▶ [INFORMATION SUPPLIED]

• • •

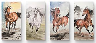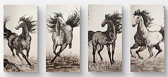 云海松涛 奔马图四连幅
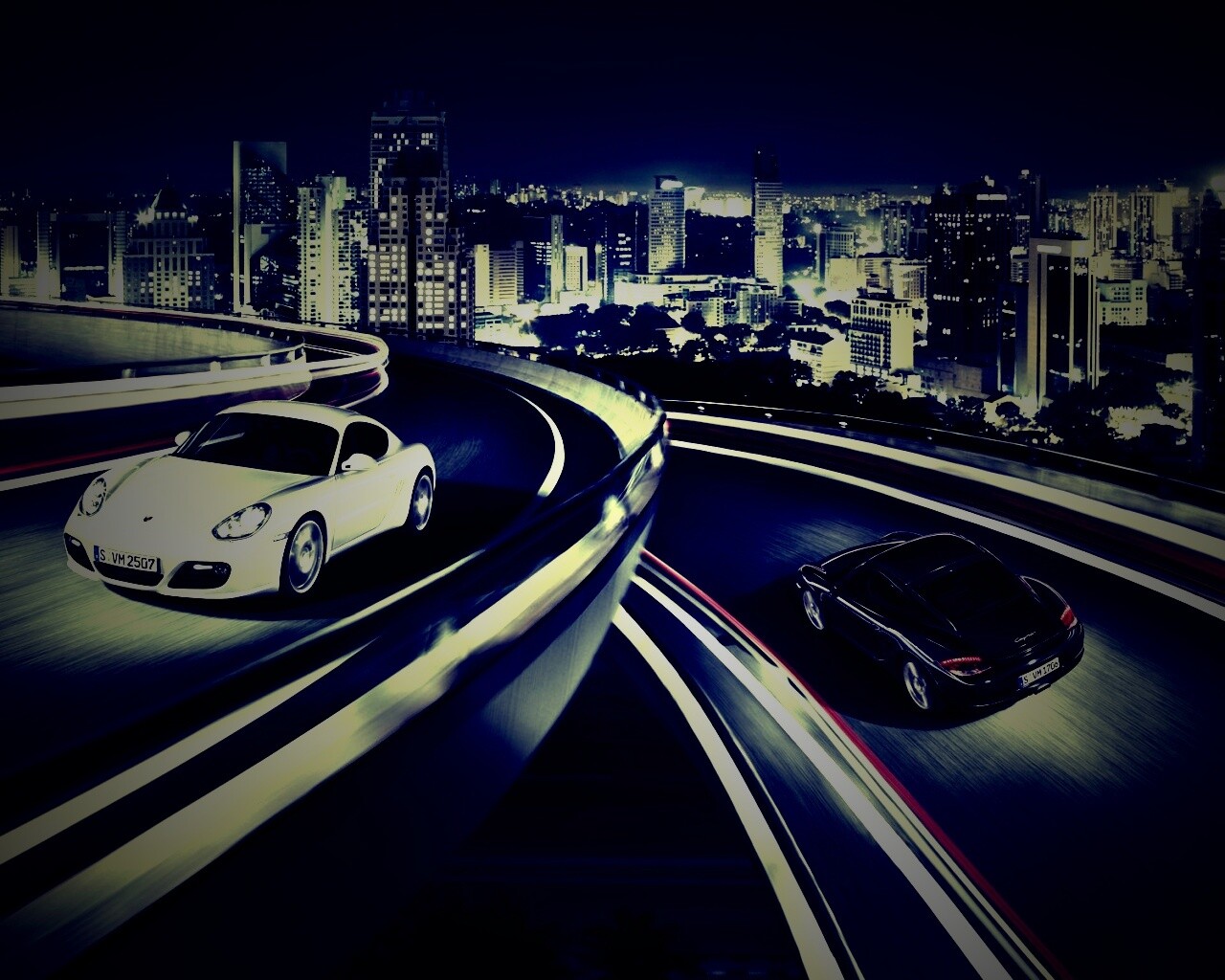 «Черный и белый Porsche на автомагистрале.»
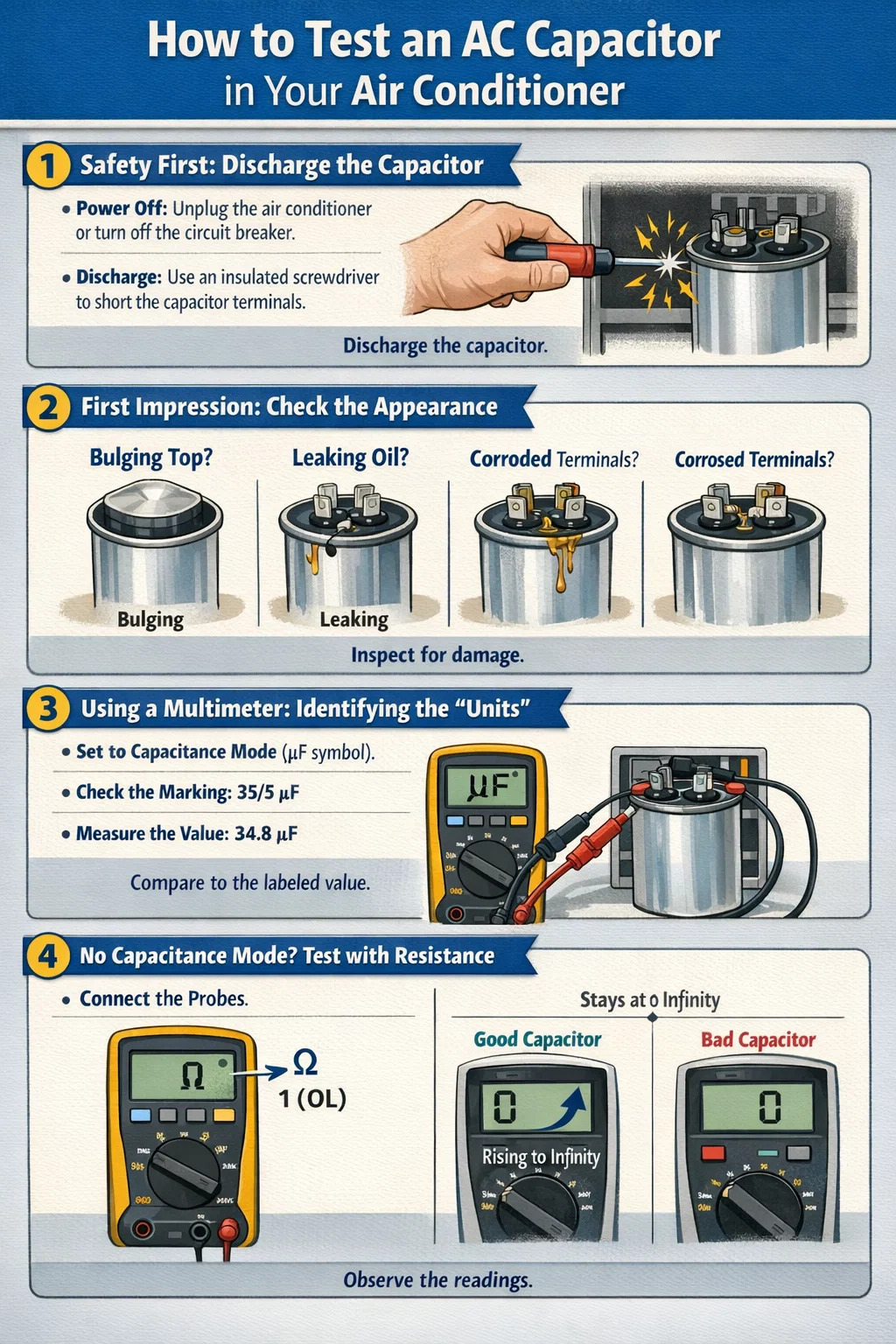At afgøre, om en AC-kondensator i et klimaanlæg er god eller dårlig, kræver ikke professionel elektronikteknisk viden. Så længe du har et multimeter med en "kapacitanstest" funktion, kan du følge disse trin og selv blive semi-ekspert.
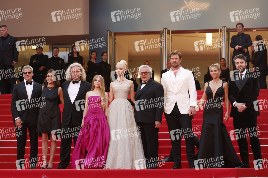 Michael DeLuca, Pamela Abdy, Doug Mitchell, Alyla Browne, Anya Taylor-Joy, George Miller, Chris Hemsworth, Elsa Pataky und Tom Burke bei der Premiere des Kinofilms 'Furiosa: A Mad Max Saga' auf dem Festival de Cannes 2024 / 77. Internationale Filmfestspiele von Cannes im Palais des Festivals. Cannes, 15.05.2024

• • •

▶ [EXERCISE INSTRUCTIONS] Write out the data above exactly as it appears, but without any image.

▶ [RESPONSE TO THE EXERCISE]
 云海松涛 奔马图四连幅
 «Черный и белый Porsche на автомагистрале.»
At afgøre, om en AC-kondensator i et klimaanlæg er god eller dårlig, kræver ikke professionel elektronikteknisk viden. Så længe du har et multimeter med en "kapacitanstest" funktion, kan du følge disse trin og selv blive semi-ekspert.
 Michael DeLuca, Pamela Abdy, Doug Mitchell, Alyla Browne, Anya Taylor-Joy, George Miller, Chris Hemsworth, Elsa Pataky und Tom Burke bei der Premiere des Kinofilms 'Furiosa: A Mad Max Saga' auf dem Festival de Cannes 2024 / 77. Internationale Filmfestspiele von Cannes im Palais des Festivals. Cannes, 15.05.2024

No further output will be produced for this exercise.